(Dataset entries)
● ● ●

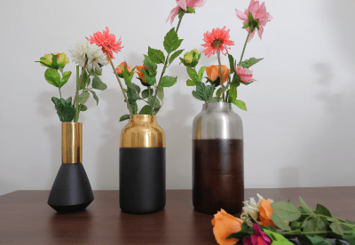 A vase is an open container made of ceramic, metal, wood, aluminum, brass etc.
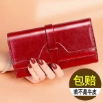 محفظة نسائية جديدة من الجلد الخالص لعام 2024 بأجواء عصرية طويلة من جلد البقر
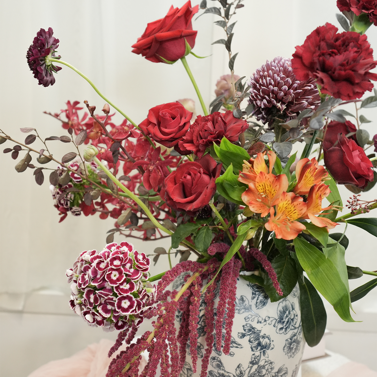 訂購 商品詳細資訊: 尺寸→ 約20x15cm(長寬) x 約30cm(高) 成分→ 新鮮花材、新鮮葉材、提籃、吸水海綿 虎頭蘭、綠石竹、松蟲、玫瑰、富貴菊、陸蓮 商品備註: 1.實際顏色已實品為主。 2.避免置放於陽光直射處、花材易枯萎。 3.作品 說明:花材會依季節性變動,或是花材品質欠佳,若遇臨時狀況發生, 請允許花藝設計師以其他色系或相同的花材做調整,或電洽設計師討論。
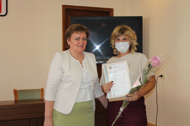 Благодарственным письмом Президента Российской Федерации В.В. Путина и памятной медалью «За бескорыстный вклад в организацию Общероссийской акции взаимопомощи #Мы вместе» награждена руководитель муниципального штаба волонтеров Октябрьского района М.С. Хмелёва.
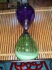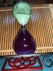 This 30-minute sand timer is a stylish addition to any modern kitchen. With a beautiful blue and green color scheme, this hourglass/sand timer is made of high-quality glass and features a unique sand timer design. Measuring 9 inches in height and 3.5 inches in diameter, this timer is perfect for timing sandwiches, pasta, and other foods. The simple, streamlined design adds a touch of elegance to this modern timer. Its features include a sand timer that is easy to use and a durable construction that will last for years to come. This timer is perfect for anyone who wants to add a touch of sophistication to their kitchen decor. This item is in good used condition. The timer does show signs of wear but it does not take away from the beauty of the piece. Please see the attached photos as they depict the exact item being sold. 29
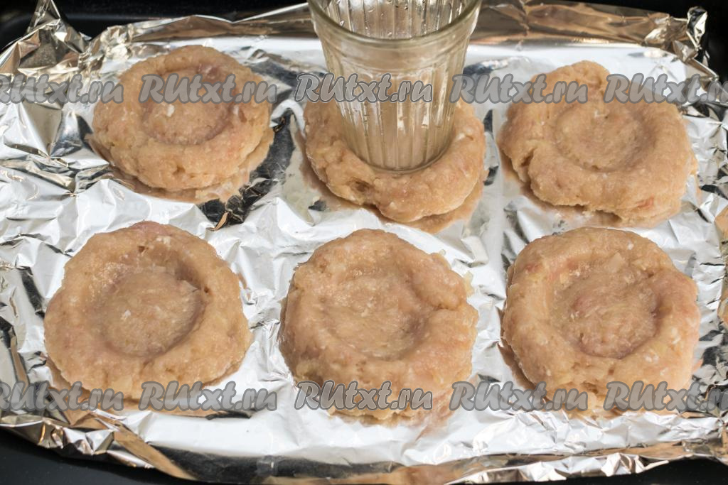 Разделить фарш на 6 равных частей. Периодически смачивая руки водой, каждую часть фарша скатать в шарик. Противень застелить фольгой. На расстоянии друг от друга выложить на противень шарики из фарша, слегка приплюснуть каждый шарик рукой, получится достаточно плоская котлета. При помощи дна обычного стакана сделать в середине каждой котлеты углубление, формируя мясные гнёзда из фарша, как на фото. Если стакан пристаёт к фаршу, тогда смочите его немного водой.
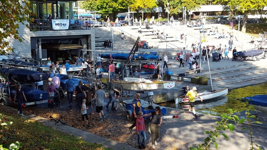 Dann folgten aber ganz viele gute Segler vom Rursee und anderen Revieren und erst auf Platz 15 kam eine Hansacrew und auf Platz 17 folgte der SCM Vorsitzenden Andreas Rütter mit Dieter Bodenhausen . Die SCM Segler waren einfach zu sehr mit der Organisation des Mega Events beschäftigt. Crews aus München, Berlin oder aus Itzehoe hatten den Weg zum Aasee angetreten um hier zu segeln- hat 2017 geklappt - aber auch um den Saisonabschluss zünftig zu feiern – hat auch geklappt. 2018 auf ein Neues bei Deutschlands größter Piratenregatta auf einem der kleinsten Reviere.
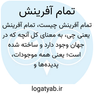 به معنای کل آنچه که در جهان وجود دارد و ساخته شده است؛ یعنی همه موجودات، پدیده‌ها و اجزای کیهان در مجموع به عنوان “تمام آفرینش” شناخته می‌شوند.

● ● ●

**Problem to solve**. Give back exactly the lines from the top of the records to the line containing "Разделить фарш на", both included, and no pictures.

**Answer section**.
 A vase is an open container made of ceramic, metal, wood, aluminum, brass etc.
 محفظة نسائية جديدة من الجلد الخالص لعام 2024 بأجواء عصرية طويلة من جلد البقر
 訂購 商品詳細資訊: 尺寸→ 約20x15cm(長寬) x 約30cm(高) 成分→ 新鮮花材、新鮮葉材、提籃、吸水海綿 虎頭蘭、綠石竹、松蟲、玫瑰、富貴菊、陸蓮 商品備註: 1.實際顏色已實品為主。 2.避免置放於陽光直射處、花材易枯萎。 3.作品 說明:花材會依季節性變動,或是花材品質欠佳,若遇臨時狀況發生, 請允許花藝設計師以其他色系或相同的花材做調整,或電洽設計師討論。
 Благодарственным письмом Президента Российской Федерации В.В. Путина и памятной медалью «За бескорыстный вклад в организацию Общероссийской акции взаимопомощи #Мы вместе» награждена руководитель муниципального штаба волонтеров Октябрьского района М.С. Хмелёва.
 This 30-minute sand timer is a stylish addition to any modern kitchen. With a beautiful blue and green color scheme, this hourglass/sand timer is made of high-quality glass and features a unique sand timer design. Measuring 9 inches in height and 3.5 inches in diameter, this timer is perfect for timing sandwiches, pasta, and other foods. The simple, streamlined design adds a touch of elegance to this modern timer. Its features include a sand timer that is easy to use and a durable construction that will last for years to come. This timer is perfect for anyone who wants to add a touch of sophistication to their kitchen decor. This item is in good used condition. The timer does show signs of wear but it does not take away from the beauty of the piece. Please see the attached photos as they depict the exact item being sold. 29
 Разделить фарш на 6 равных частей. Периодически смачивая руки водой, каждую часть фарша скатать в шарик. Противень застелить фольгой. На расстоянии друг от друга выложить на противень шарики из фарша, слегка приплюснуть каждый шарик рукой, получится достаточно плоская котлета. При помощи дна обычного стакана сделать в середине каждой котлеты углубление, формируя мясные гнёзда из фарша, как на фото. Если стакан пристаёт к фаршу, тогда смочите его немного водой.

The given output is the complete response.